Dataset extract below:

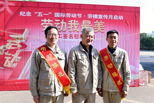 當天上午8時左右,精神飽滿、神采奕奕的干部職工陸續來到廠區大門,喜慶熱烈的“慶五一”紅色簽名背板讓大家眼前一亮,全國五一勞動獎章獲得者張浩、大唐安徽公司勞動模范馬力身披綬帶、現場展示讓大家倍感鼓舞,廠領導的親切慰問和勉勵關懷讓大家既驚喜不已又深感溫馨溫暖。
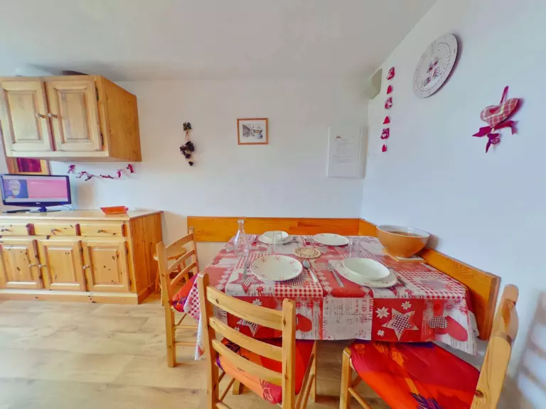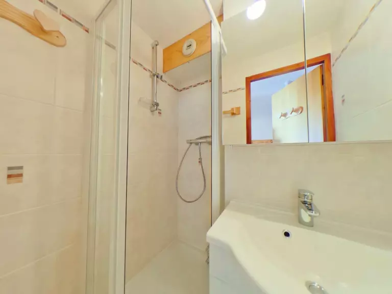 L'appartement se compose d'une kitchenette équipée, d'un séjour avec canapé, d'une alcôve avec 2 lits superposés (2x80), d'une cabine avec un lit placard de 140, d'une salle d'eau et d'un WC séparé. (NB: le lit supérieur d'un lit superposé est interdit aux - de 6 ans)
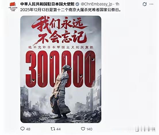 中国驻日大使馆今天(12月13日)发文写道:2025年12月13日是第十二个南京大屠杀死难者国家公祭日,并附图,图中,巨大的红色 “300000” 字样让人醒目,一位衣衫褴褛、身形佝偻的受难者形象立在下面,当时的绝望和苦难是我们现代人无法想象的。 对此,山东网友的评论绝了! 满江红 公祭 警钟长鸣,碑墙下、一片泪目。馆廊处、解说悲愤,沉重脚步。字字证言血泪史,累累白骨无声诉。公祭日,牢记石头城,倭寇屠。 长心碎,冤魂哭;永警醒,家国辱。甘洒一腔血,誓抵外侮。履兴邦责献丹心,尽爱国力看匹夫。齐奋起,直面顽寇虏,全征服。 是啊,铭记历史,勿忘国耻!缅怀先烈,致敬英雄!
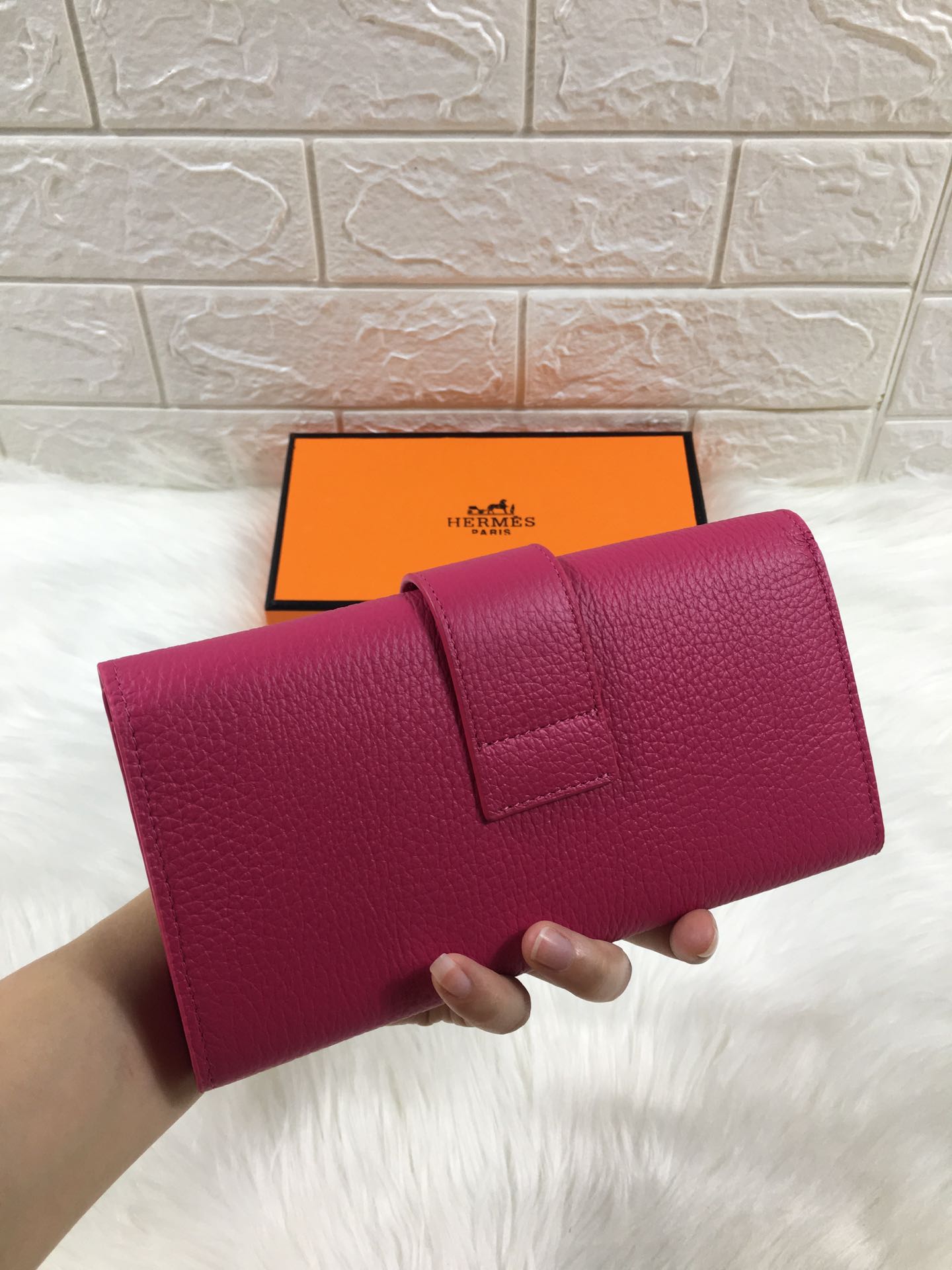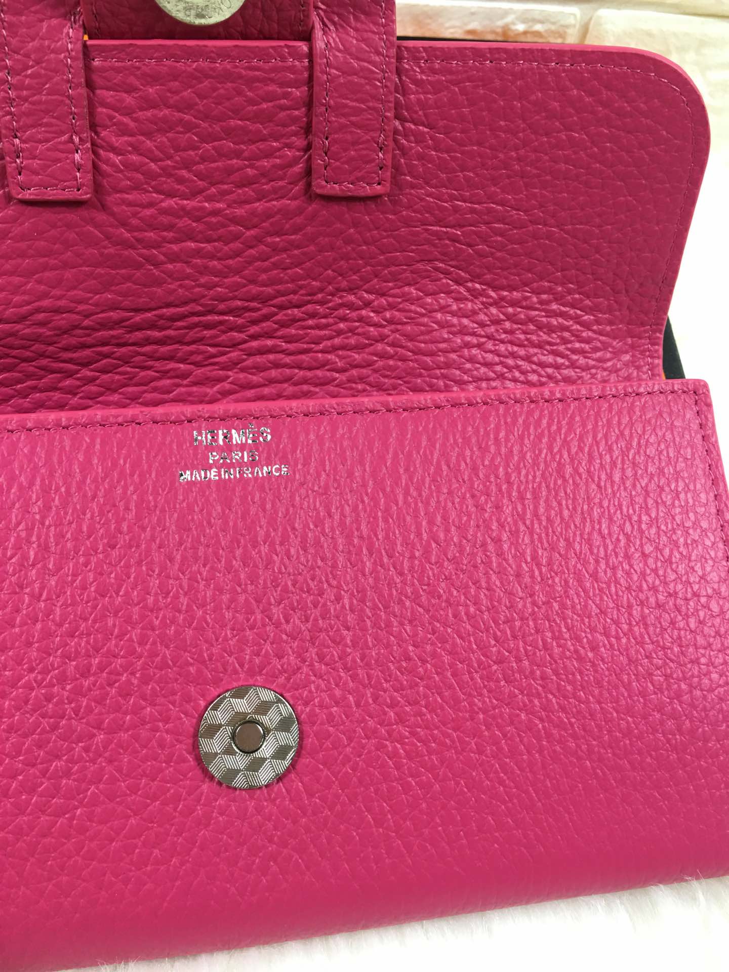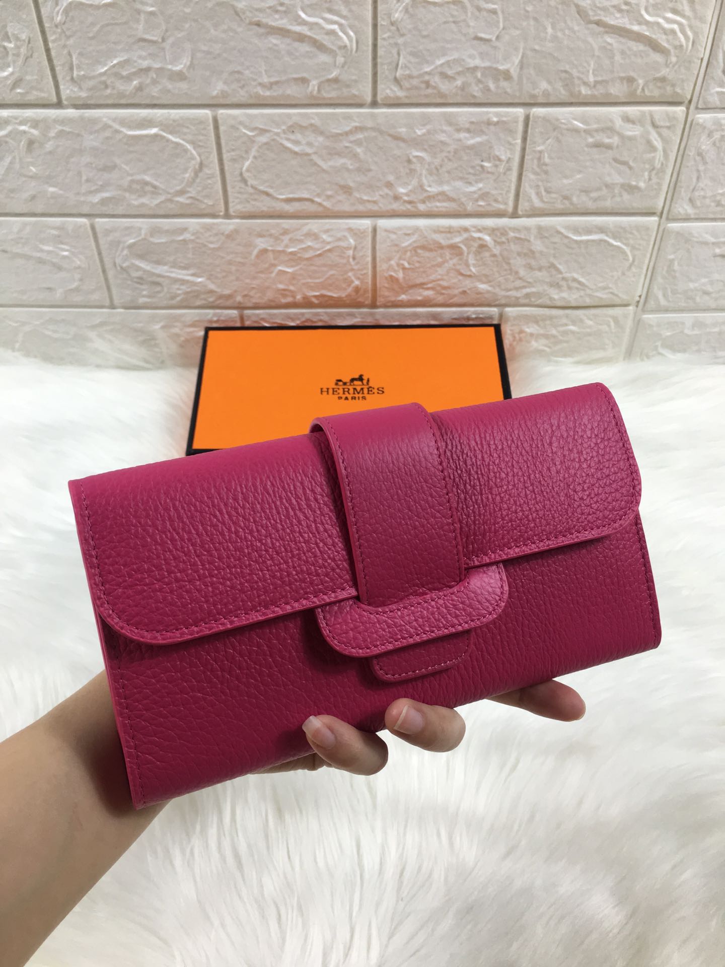 HM SNAP LOCK WALLET 19.5 DEEP PINK GRAINED CALFSKIN

End of Dataset extract.

§ Exercise objective: Leaving out the pictures, output each line above exactly as it is.

§ Solution to this exercise:
 當天上午8時左右,精神飽滿、神采奕奕的干部職工陸續來到廠區大門,喜慶熱烈的“慶五一”紅色簽名背板讓大家眼前一亮,全國五一勞動獎章獲得者張浩、大唐安徽公司勞動模范馬力身披綬帶、現場展示讓大家倍感鼓舞,廠領導的親切慰問和勉勵關懷讓大家既驚喜不已又深感溫馨溫暖。
 L'appartement se compose d'une kitchenette équipée, d'un séjour avec canapé, d'une alcôve avec 2 lits superposés (2x80), d'une cabine avec un lit placard de 140, d'une salle d'eau et d'un WC séparé. (NB: le lit supérieur d'un lit superposé est interdit aux - de 6 ans)
 中国驻日大使馆今天(12月13日)发文写道:2025年12月13日是第十二个南京大屠杀死难者国家公祭日,并附图,图中,巨大的红色 “300000” 字样让人醒目,一位衣衫褴褛、身形佝偻的受难者形象立在下面,当时的绝望和苦难是我们现代人无法想象的。 对此,山东网友的评论绝了! 满江红 公祭 警钟长鸣,碑墙下、一片泪目。馆廊处、解说悲愤,沉重脚步。字字证言血泪史,累累白骨无声诉。公祭日,牢记石头城,倭寇屠。 长心碎,冤魂哭;永警醒,家国辱。甘洒一腔血,誓抵外侮。履兴邦责献丹心,尽爱国力看匹夫。齐奋起,直面顽寇虏,全征服。 是啊,铭记历史,勿忘国耻!缅怀先烈,致敬英雄!
 HM SNAP LOCK WALLET 19.5 DEEP PINK GRAINED CALFSKIN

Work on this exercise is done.